For companies like Spotify and Tinder/Hinge, the shift towards AI integration would likely mean focusing less on front-end development and more on enhancing their back-end capabilities to support such AI interactions. What about Instagram? To adapt, apps that currently emphasize UI as the core of their experience would likely need to restructure themselves to become more service-oriented.

What becomes of frontend

Generative UI is already available in some fashion with Vercel’s v0 and PureCode AI having the ability for users to describe a piece of UI they’d like and AI can generate code. With this emerging technology, one might wonder if frontend development will become obsolete, particularly in companies like Spotify or Tinder that focus more on backend processes. However, replacing human workers with AI in this area would be a grave mistake.

While AI can generate code, it often lacks innate creativity and may merely regurgitate existing human designs rather than produce genuine innovations. The evolving role of AI should transform, not replace, frontend development practices. AI might produce generic interfaces on its own, but these limitations can be addressed with the creative input of frontend developers.

Developers could focus on creating a UI library for their apps—designing versatile, reusable components that AI systems can dynamically deploy by stitching components together. This “Lego piece development” approach allows developers to assemble UI elements, guided by AI’s efficiency but enhanced by human creativity and insight.

UI could be transmitted alongside backend API calls, a concept not new in web development. Frameworks like Rails and Laravel already facilitate the sending of HTML partials from the server to the client. React Server Components introduce a similar paradigm, but with a focus on modern, interactive web applications. This architecture allows for UI components to be dynamically adjusted in real-time. By integrating machine learning frameworks directly on the web server, the system can adapt the UI based on ongoing analysis of user data and interactions.

Frontend development might increasingly focus on the infrastructure that enables AI agents to generate UIs for end users. An example of this today is explorer.globe.engineer, a platform allowing users to query information and receive a dynamically generated, wiki-like UI. While its UI structure is consistent, with only the content changing, we can envision an AI capable of manipulating more elements to tailor the user experience further.

Frontend developers might need to specialize in UX design principles, understand user behavior, and master interactive design to create templates that AI can dynamically populate. Skills in data visualization could become increasingly important, as presenting information in an instantly comprehensible and engaging way is crucial.

Backend developers might shift their focus toward developing sophisticated APIs that handle data transactions and include rich metadata providing contextual descriptions of the data. For example, a music streaming service’s API might describe the mood, tempo, and suitable activities (like workout or relaxation) for each track, enabling AI to create intuitive situational playlists.

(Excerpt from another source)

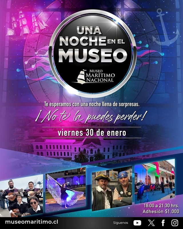 El Museo Marítimo Nacional abre sus puertas en horario nocturno para vivir una experiencia única llena de sorpresas, historia y cultura. Una Noche en el Museo invita a recorrer sus salas y espacios patrimoniales en un ambiente distinto, con actividades especiales pensadas para todo público y una atmósfera que combina patrimonio, arte y entretención.

This extends to app-to-app communication, such as how Tinder displays a user’s Spotify listening activity or Instagram posts. As AI begins to generate UIs, developers must ensure their APIs and data are well-documented contextually, allowing AI to appropriately integrate and display information from different apps.

Conclusion

The landscape of UI development is poised for profound transformation, though that’s common in the frontend world as expectations from users only grow. But the advent of AI-driven interfaces promises not only a shift from traditional apps to more dynamic, context-aware systems but also redefines the roles of frontend and backend developers. I’m personally looking forward to ways we can leverage richer inputs and more personalized interactions, leading to an app-less economy where the boundary between service and interface blurs. Of course, only time will tell whether this possibility becomes a reality.